Prologo

“Posso chiederti una cosa un po’ personale?”
“Certo. Spara”.

Dopo aver dato una rapida occhiata al disegno, la ragazza indicò il simbolo della Luna nella parte sinistra del foglio: da questa piccola falce si dipartivano una serie di linee rosse, sia verso il basso sia verso la parte destra dello scarabocchio. “La luna”, disse la ragazza. “Già… la luna”, risposi io, con un sorrisetto un po’ scettico che oggi definirei di ironia difensiva. Come avrei capito in seguito, quando sarei diventato più o meno esperto nella lettura del tema, a destare l’interesse della profetessa erano stati due aspetti significativi. Il primo era, appunto, la posizione della Luna, in prima casa e nel segno della Vergine; il secondo era la quadratura ravvicinata, quasi secca (due gradi di scarto) con Urano e l’opposizione di questa quadratura a Venere e a Mercurio. Una Luna – come qualche anno dopo mi avrebbe detto un noto astrologo, con inusuale delicatezza – massacrata. Lo so: se in questo momento fossimo seduti al tavolo di un bar, come lo sono io adesso, mi guardereste più o meno nel modo in cui, quella sera, perscrutai la mia interlocutrice.

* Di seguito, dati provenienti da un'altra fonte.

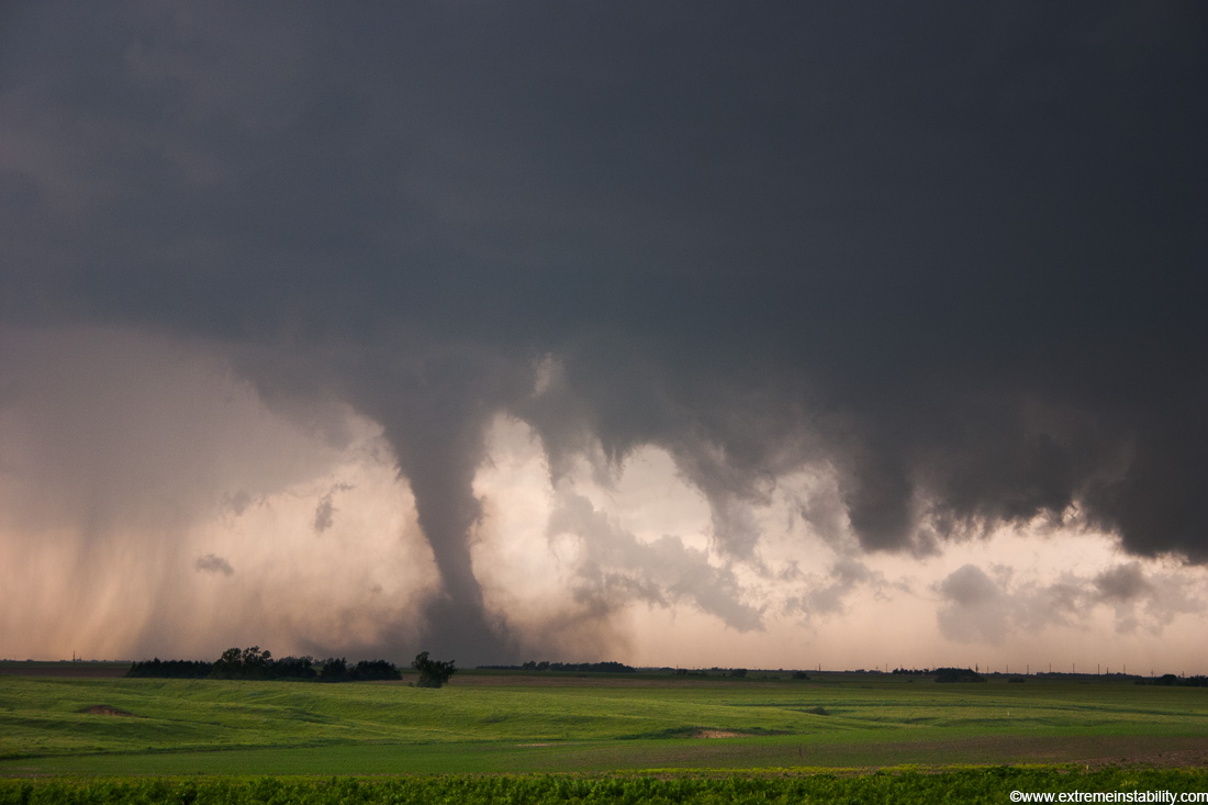 One of many tornadoes to form under a long-lived supercell on the Kansas Nebraska border, May 24, 2004. This supercell produced upwards of 15 tornadoes in just a few hours. It frequently had more than one tornado on the ground at the same time.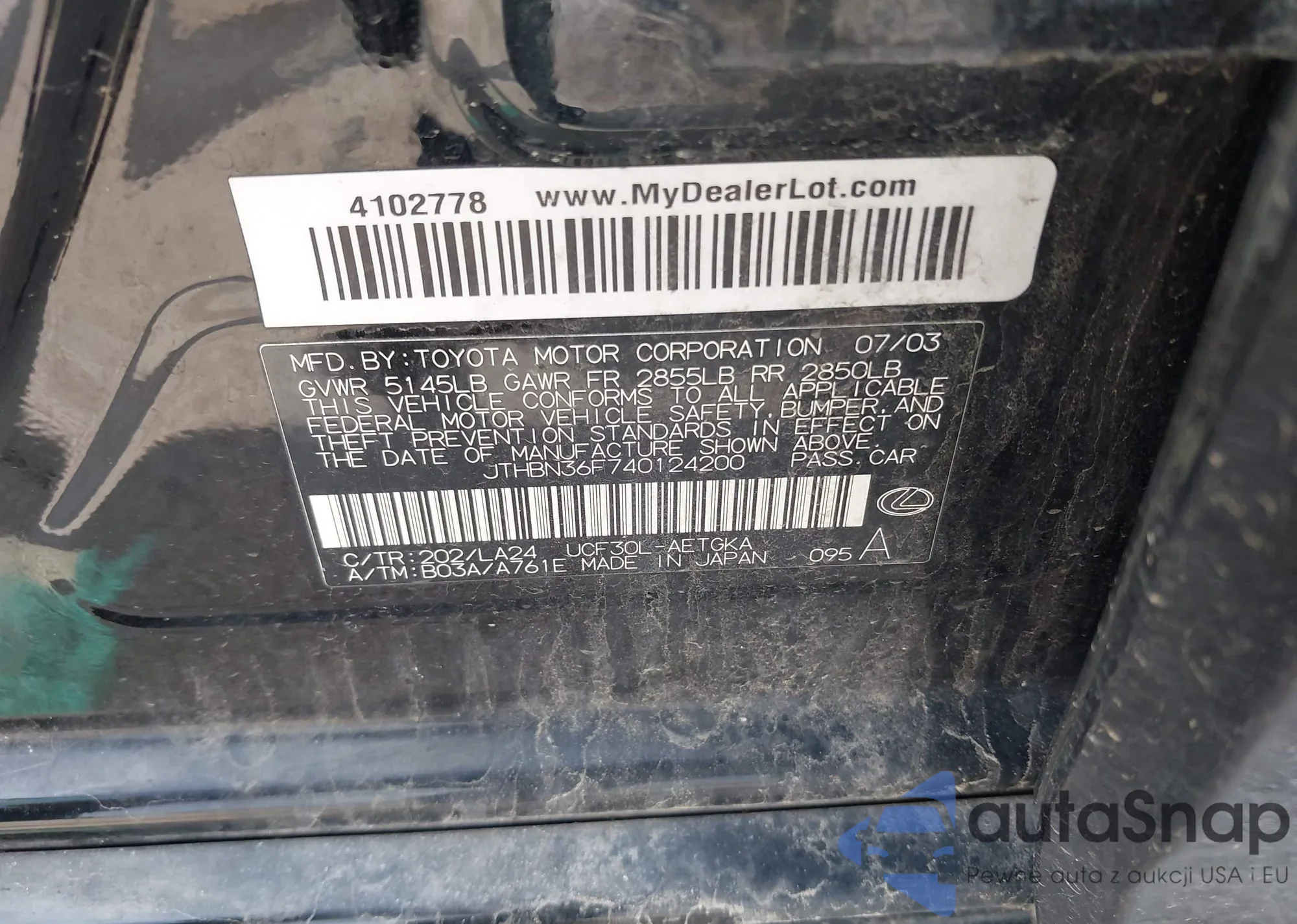 LOT: 42146256 VIN: JTHBN36F740124200

A farmi questa domanda fu una performer di origine russa, ospite di uno degli coinquilini della casa di San Lorenzo in cui mi ero trasferito da qualche mese. La ragazza, un’artista piuttosto nota nella danza coi cerchi, aveva i capelli neri, la pelle bianchissima e gli occhi vitrei e un po’ spiritati di chi sta per offrirti una rivelazione terribile. Così, in effetti, sarebbe stato. Anche se quella rivelazione non avrebbe riguardato il mio futuro, bensì un evento del mio passato, una di quelle cose che si confidano soltanto ai più intimi, e nessuno fra i presenti alla cena di quella sera poteva fregiarsi del titolo.
Dopo averci mostrato dei video di una sua esibizione, la ragazza parlò di un altro suo interesse personale che riguardava una disciplina, anzi, un “qualcosa” che al mio io di allora suscitava una certa curiosità quanto un’istintiva diffidenza. La ragazza praticava l’astrologia e aveva una certa esperienza nella lettura del tema natale. Il tema… natale? Sì, il tema natale. La carta del cielo al momento della nascita, il risultato delle geometrie astrali in quel giorno, in quel luogo a quell’ora che, come scoprii in quel momento, corrispondeva all’astruso disegno comparso sul display del telefono della ragazza. Il significato del mio destino era – cosa che mi inquietò non poco – racchiuso in uno scarabocchio di simboli indecifrabili.

Urano e la Luna

La Luna quadrata a Urano, dunque. Un conflitto, una distonia che coinvolge la prima casa, quella del nostro primo contatto con il mondo, di quelle peculiarità caratteriali che si mostrano immediatamente e spontaneamente, e la quarta casa, ovvero famiglia, radici, identità e tutto ciò in base a cui possiamo affermare “io sono in quanto appartengo a/mi riconosco in”. Se a livello simbolico la Luna è associata ai meccanismi che regolano la fisiologia del corpo e le cosiddette modalità adattive (ciò che ci permette di adattarci o no all’ambiente esterno), Urano prende il nome dal cielo, anzi dal Cielo con la maiuscola: questo, infatti, è il significato del nome dell’antica divinità greca che, prima dell’avvento delle divinità olimpiche, regnava sull’esistente avvolgendolo in un unico abbraccio insieme alla madre e consorte Gea, la Terra. Divinità superiore in cui tutto era incluso e da cui tutto era escluso, Urano era anche il padre-figlio che impediva ai figli di uscire dal grembo materno, così che nessuno di loro potesse interrompere il piacere inesauribile dell’amplesso con la madre moglie. Nessuno, tranne Crono, il più piccolo, al quale Gea affida il compito di castrare il genitore con una falcetta. La castrazione di Urano segna la nascita del tempo e l’avvio del ciclo delle generazioni.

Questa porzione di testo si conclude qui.